While we were on vacation, I used some sunscreen on my chest that plugged up some pores and caused a big pimple. Yeah, I know, totally gross at my age. But guess what? Boo-Boo Salve worked on that pimple too. And when I was sitting at the picnic table one evening at dinner, I felt a sharp sting on my lower calf. Later, I found a red spot there that got increasingly infected. It never itched, but it did make a nasty pustule, so I’m thinking it was probably a spider bite. I had to drain the pustule and put peroxide on it, and then some Boo-Boo Salve. That little miracle in a jar had that bite healing within a day. Spider bites can be very nasty, so I am so glad I had the salve with me on vacation.

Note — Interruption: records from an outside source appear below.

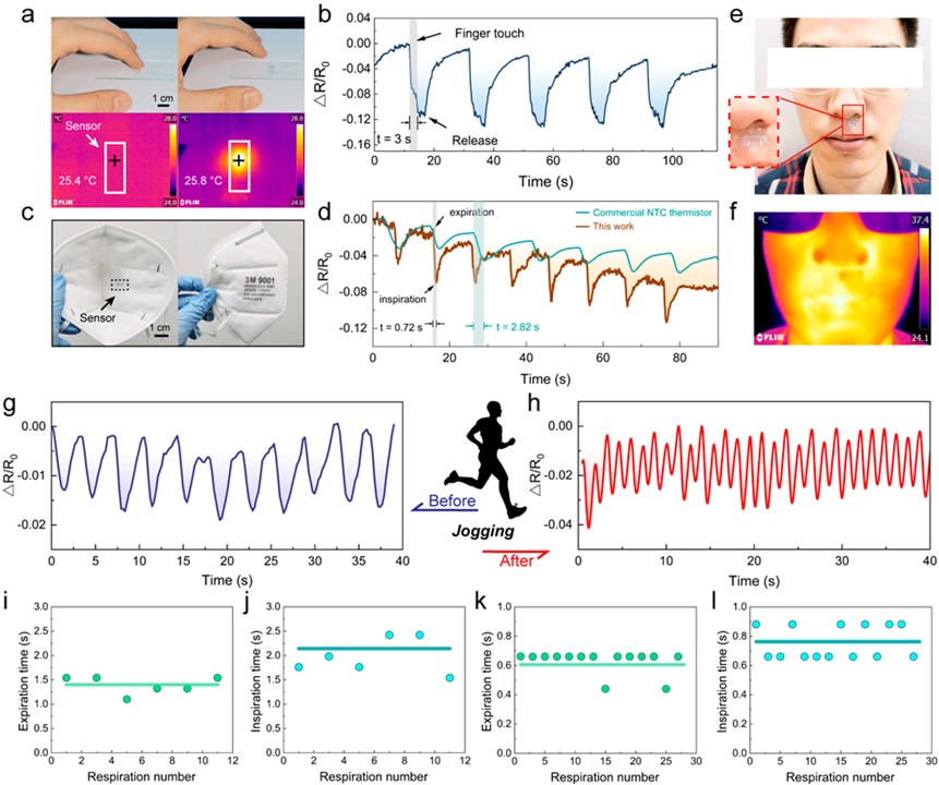NiO/CNTF柔性温度传感器表现出优异的灵敏度、灵活性和可调尺寸,在具有温度传感功能的电子皮肤或人机交互设备中具有巨大的应用潜力。NiO/CNTF柔性温度传感器能够应用于测量接触式人体热信号,如手指触摸产生的温度变化;还可以应用于呼吸等人体热信号的非接触检测,满足不同生理状态呼吸行为监测等多种应用场景需求,并验证了其比商用NTC热敏电阻具有更优异的信号强度和响应速度。
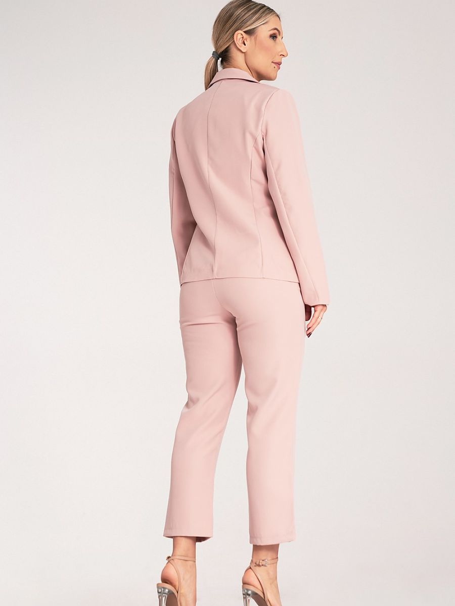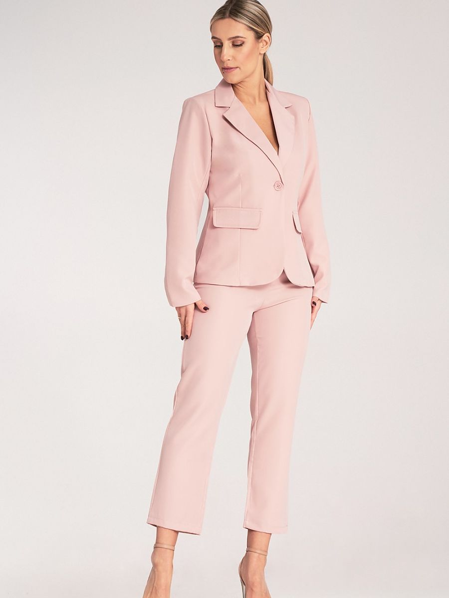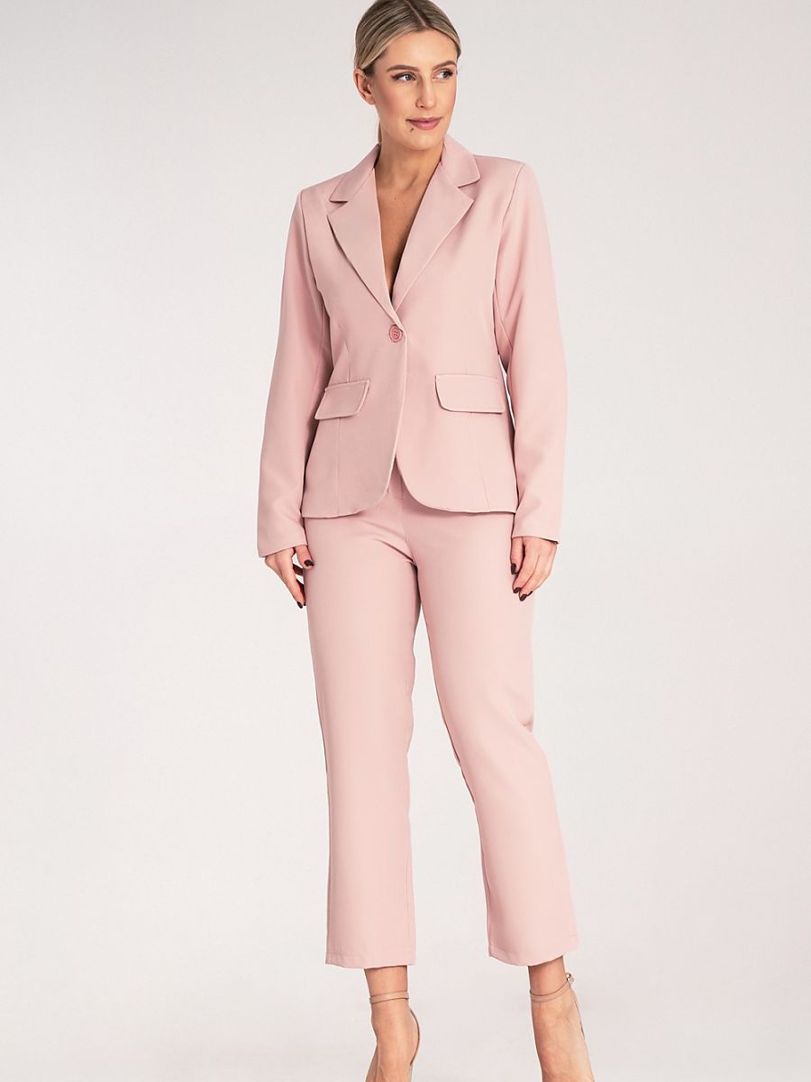 Elegant women's suit. Classic blazer with one button closure and high-waisted, fitted trousers with pockets.
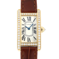 - 優美な縦長ケースが特徴の“タンクアメリカン”。ステンレススティール製のモデルはなく、素材にゴールドを使用したモデルだけがラインナップされているゴージャスなコレクションです。ケースの両サイドは滑らかな曲線になっており、手首におさまりが良く、しっくりと馴染むデザインです。こちらはベゼルとリューズにダイヤを配した華やかなモデルです。
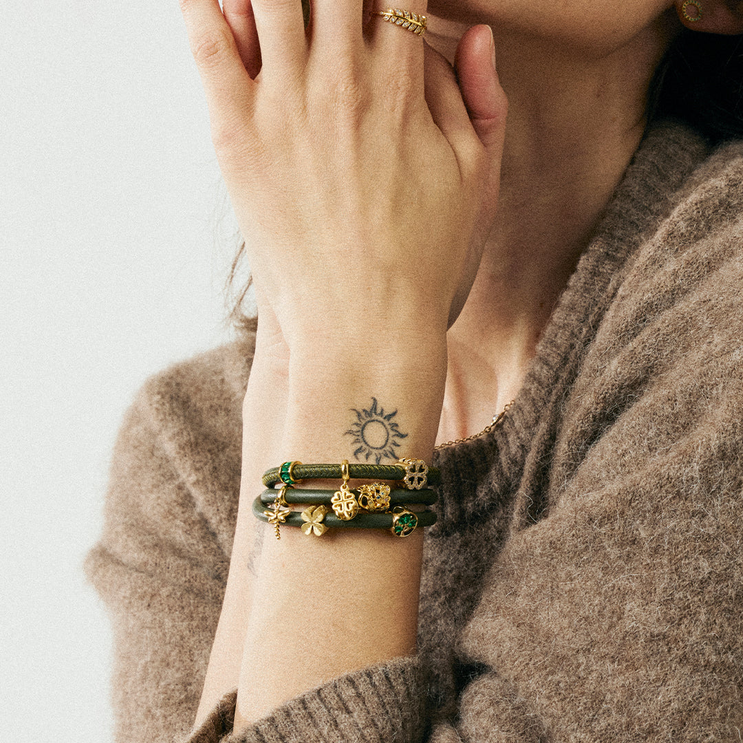 Lucky - Dangle Charm 4 mm with Bracelet - Polished/Matte Gold-Plated Sterling Silver
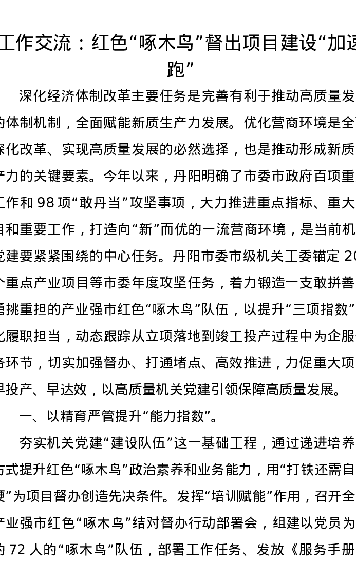 工作交流发言:红色“啄木鸟”督出项目建设“加速跑”
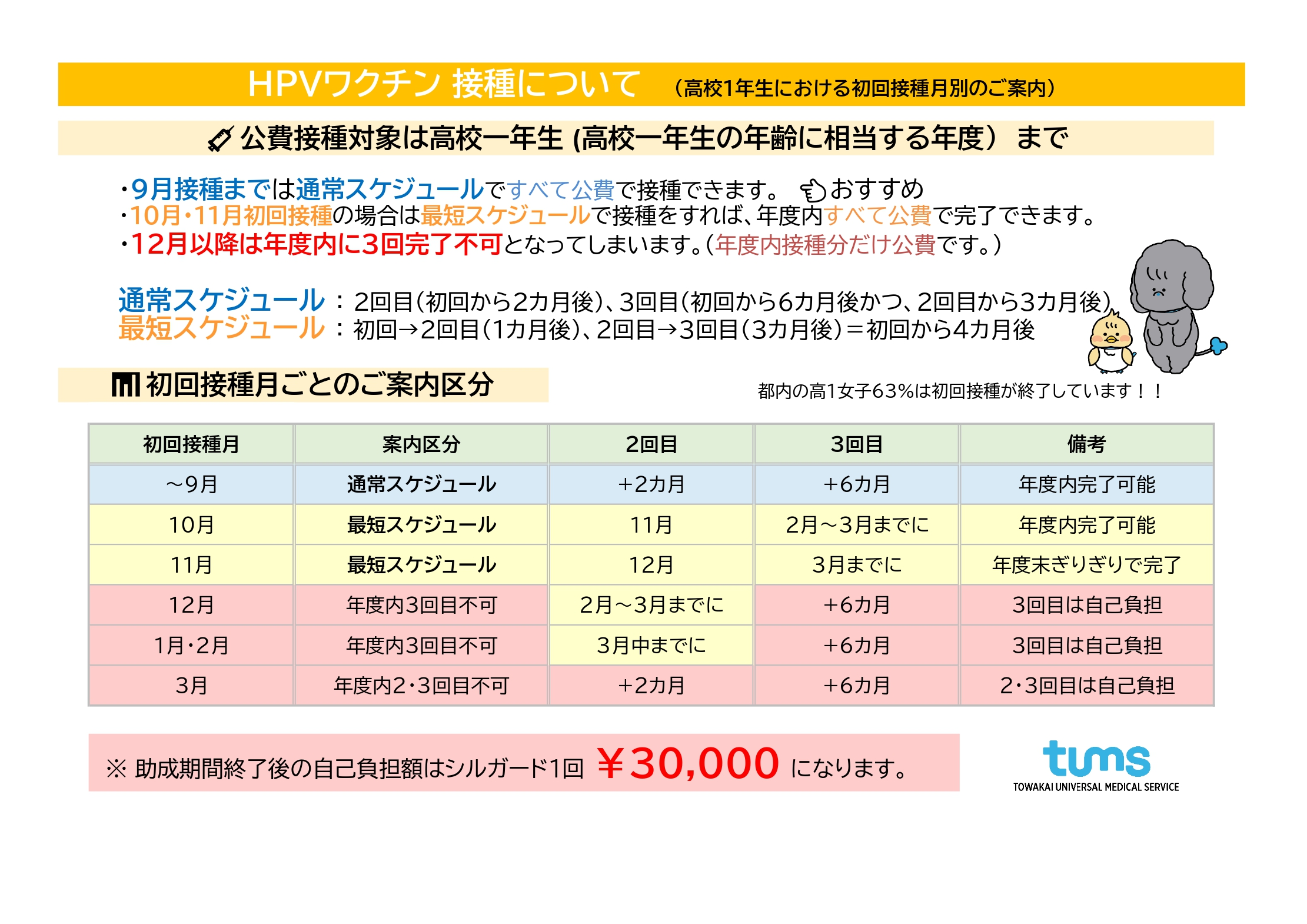 接種は複数回に分けて行うため、開始時期によっては年度内にすべての接種が完了できない場合があります。
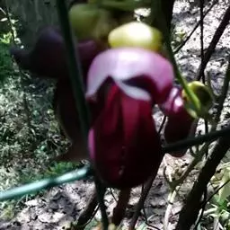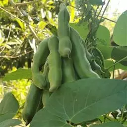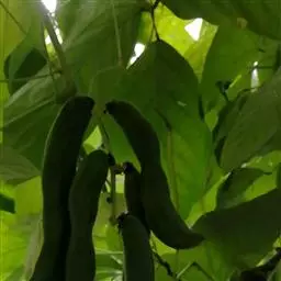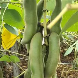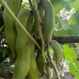 果木质,带形,长30-45厘米,宽3.5-4.5厘米,厚1-1.5厘米,近念珠状,密被红褐色短绒毛,幼果常被红褐色脱落的刚毛,沿背、腹缝线各具宽3-5毫米的木质狭翅,有纵沟,内部在种子之间有木质隔膜,厚达4毫米;种子5-13颗,深紫黑色,近肾形,长约2.8厘米,宽约2厘米,厚8-10毫米,常有光泽,种脐为种子周长的1/2-3/4。花期4-6月,果期6-11月。
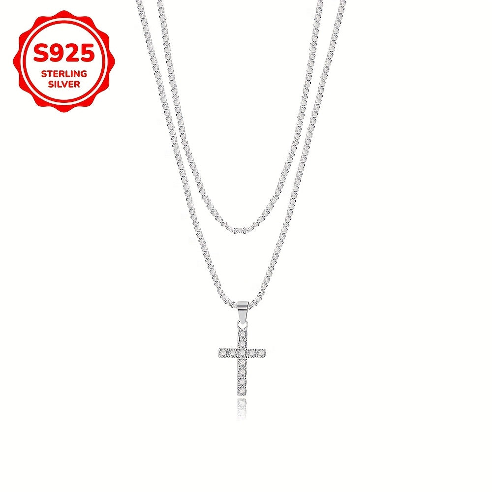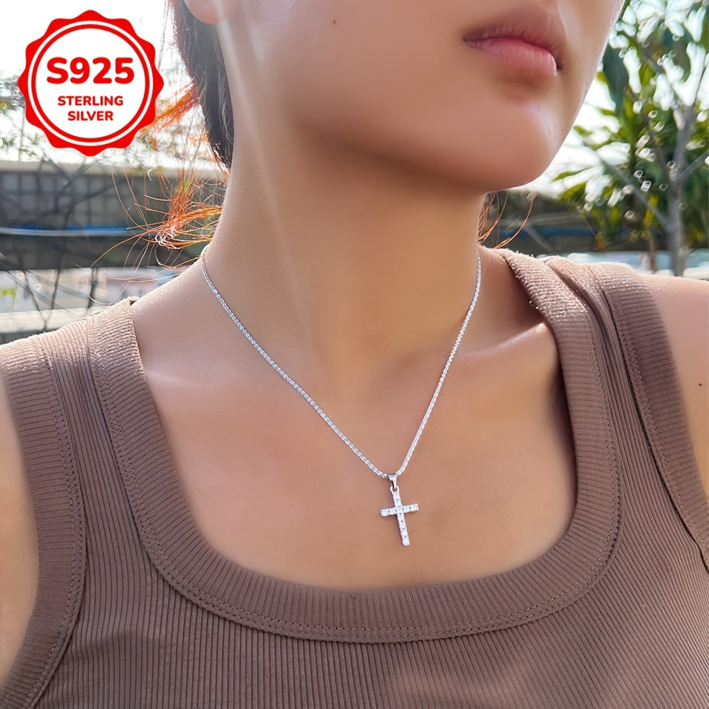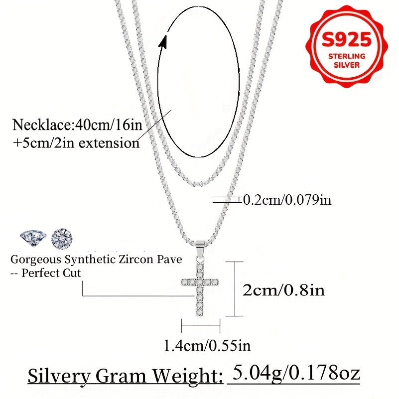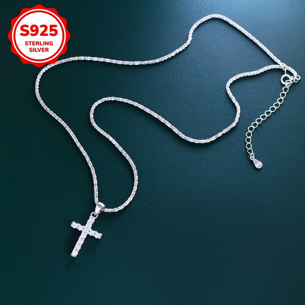 Beautiful 925 silver cross pendant necklace featuring sparkling zirconia stones. Hypoallergenic and perfect for everyday wear.
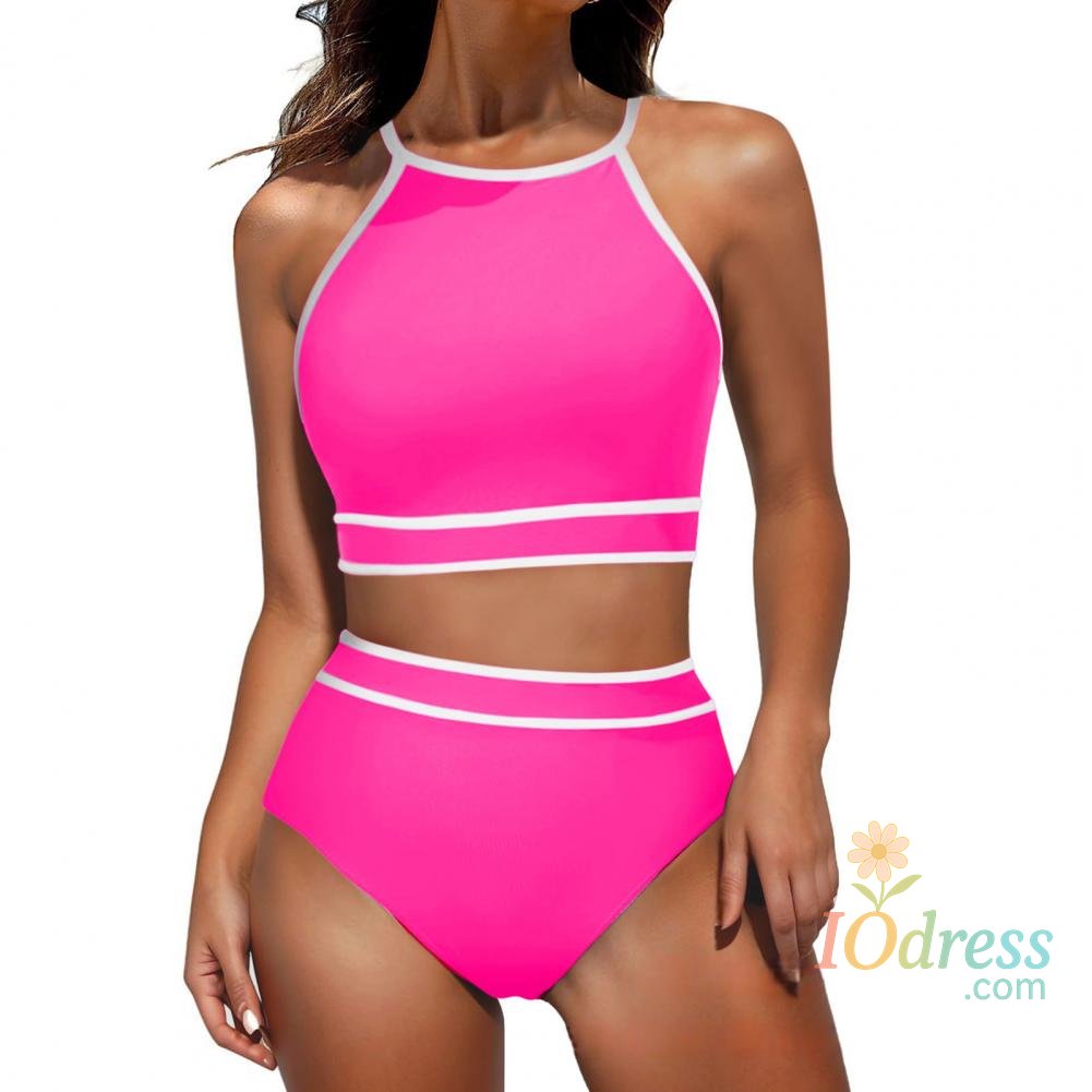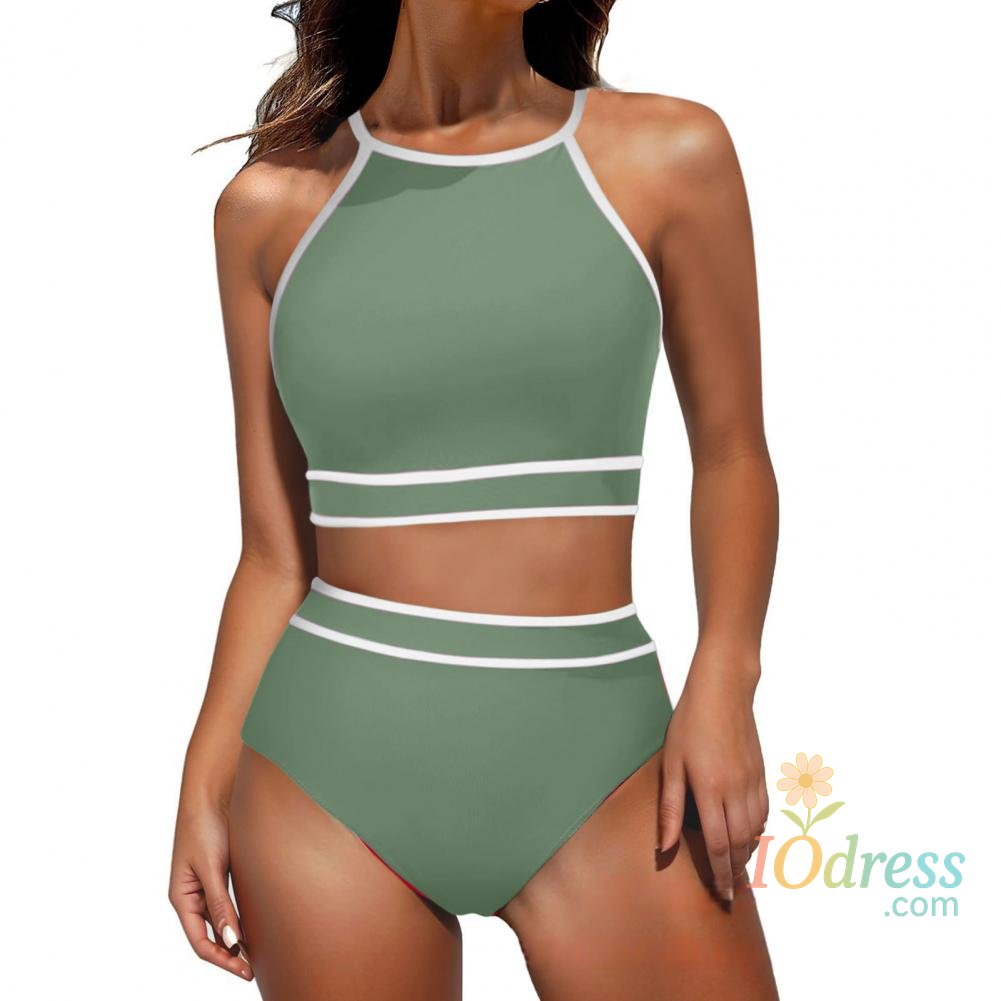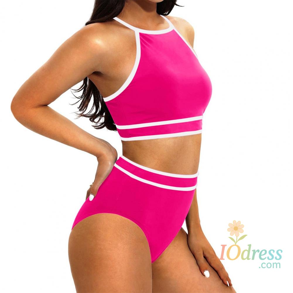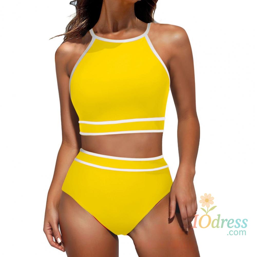 2Pcs/Set Women Bikini Set Halter Racer Back Bra High Waist Swimming Briefs Set Sporty Color Block Swimsuit
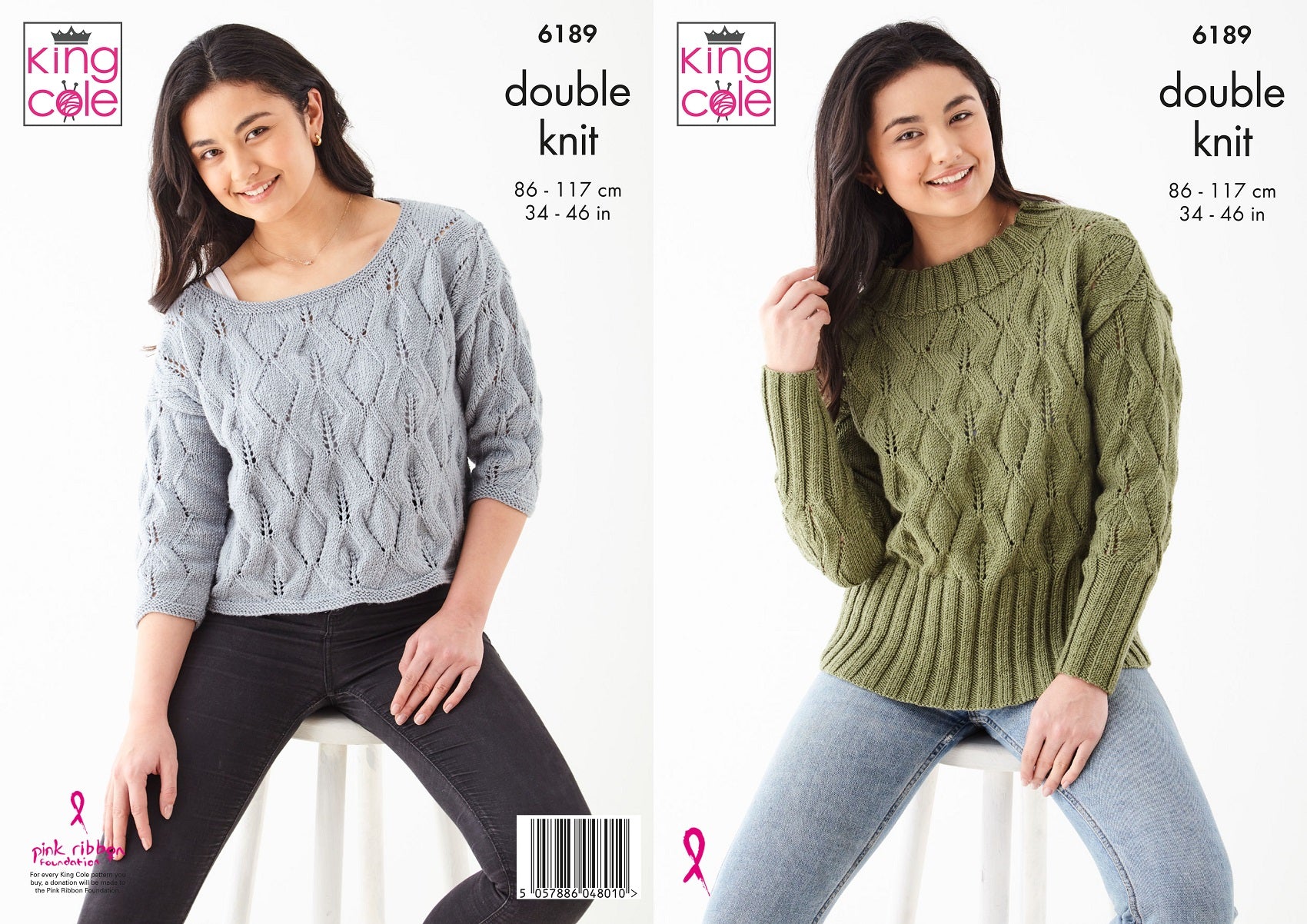 King Cole Double Knit Knitting Pattern Womens Sweaters 6189

Just this week, after weeding my tomatoes for 6 ½ hours, stupidly without sunscreen, I had a bad sunburn on my right shoulder. I put some aloe vera gel on it, but that didn’t help much. Boo-Boo Salve made it feel much better. (I’m wondering if Shannon ought to rename this product: “Miracle in a Jar.”) I highly recommend Shannon’s Boo-Boo Salve as well as her soaps. Check out the offerings at Stacked Stone Farm. You will surely find something useful.

I know a few other soapmakers who are making wonderful homemade soaps for sale. Boni Hester creates works of art in soap that would grace any guest bath. I hope to have some shortly for mine.  You can see her wonderful work on her Facebook page at https://m.facebook.com/profile.php?id=1433011163595425&_rdr.  I’m unable to find another link for Boni’s work, but if you Facebook (and who doesn’t), you should be able to find her.  You’ll be amazed at what she can create in soap!

Another soaper, Donna Joan Batten, makes soaps from her goats’ milk. Her production at Gotcha Goat’s Milk Soap is temporarily shut down while she moves operations, but check out her website at http://www.gotchagoatmilksoap.net  and consider placing an order when she’s back up and running again. I’m eager to try some of Donna’s soaps, too.

Patti Franklin Mintz at Hummingbird Hill Handmade Soaps also makes gorgeous and fun soaps.  See her soap  at http://hummingbirdhillhandmadesoaps.com.

Each soaper is unique in her products, so I’m ordering different kinds to try.  I’m just in love with homemade, handmade soap!  (And I have to add, I’m not writing this blog because any of these soapers are paying me to rave about their soap.  I don’t endorse any products for payment in money or kind.  If I like something, I want to tell you about it!  If an advertisement appears on my blog, it’s because Word Press puts it there.  That’s the price of free hosting.)

If you have the chance to buy handmade, homemade soap, don’t pass it up. You’ll be amazed at the benefits homemade bar soap will bring to your skin. Go back to the bar!